Marne paused and gave a pitying look at Llewellyn. “As much as she loved you, gryphon, you weren’t able to sire her heir. So she had to go elsewhere. When I read that Mount Vesuvius had an unusual moderate eruption at Halloween in 1994, I knew who she’d gone to. With a father like Typhon, perhaps the new Isador queen would be more interested in taking a Skolos seat.” She hummed softly, her brow creased as if deep in thought. “But the Skolos court was full and had been full for over a thousand years. Whatever could I do to open a seat up, without openly killing a queen as Desideria had done?”

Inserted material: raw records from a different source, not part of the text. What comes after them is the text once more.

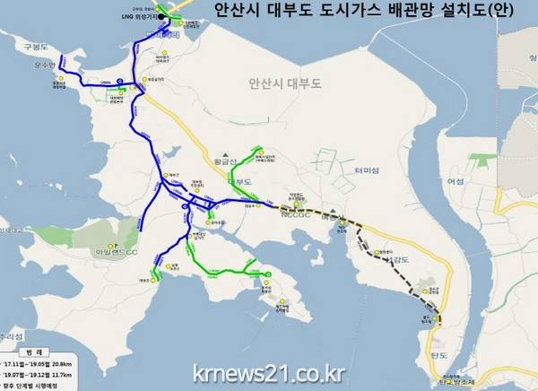 시는 이어 2022년까지 단계별로 도시가스 공급 관을 추가 설치해 도시가스 공급지역을 확대한다는 구상이다. 현재 다음 달 준공 목표로 50억 원이 투입돼 유리섬 박물관, 대부도 복지 체육센터(2020년 준공예정) 등으로 이어지는 11.7㎞ 구간의 공급 관이 설치 중이며, 내년에는 12.4㎞, 2021년에는 5.6㎞, 2022년에는 7.4㎞ 등 모두 57.9㎞ 구간으로 확대될 계획이다.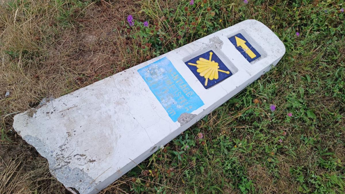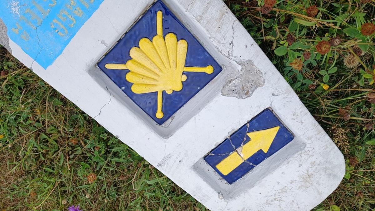 ZDJĘCIE: W. NAJA Muszla św. Jakubia, strzałka wskazująca kierunek na szlaku i odległość
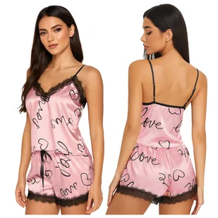 Piżama satynowa z nadrukiem i koronką - różowa - M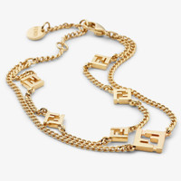 Double chain bracelet with FF charm. Adjustable clip closure. Made of gold-finish metal. Made in Italy Composition: 100% bronze Product Code: 8AL013B08F0CFK Product Care: The product you have purchased may be embellished with a precious metal top or varnish and may also feature appliques, gemstones (in various shades of the same color), crystals, plexiglass or resin. The mixture of materials and the special details give this product its unique character. To best maintain the product’s appearance over time, avoid contact with sea water, spa water, lacquers, perfumes, solvents, chemicals and abrasive materials. If necessary, clean with water and a neutral soap and/or polish with a dry microfiber cloth.

“My mother,” Okeanos ground out. “That was the bargain you made.”
“Indeed. I captured the mighty king kraken, the only one of his kind. I promised Undina that I would take excellent care of you. You would live, no matter how much you tried to escape me. As long as she stepped down from her seat if and when the time came.”
My head ached. This was some crazy long-game shit that I couldn’t even wrap my mind around. It was like cutting off your hand hundreds of years before you could even think about picking up the sword in the first place. “But… Okeanos said he’d been imprisoned a hundred years. I’m only twenty-two.”
She shrugged. “Blackmailing the Skolos queen was only one contingency of many alternatives. Once I knew Typhon was your father, I could eliminate the others. I had the lure to free the seat. Of course, I had no idea he would end up being your Blood. Even I can’t see or plan foreverything.”
I couldn’t even. The fucking arrogance and complete disregard for life.
She’d locked a man up for a hundred years… Just. In. Case.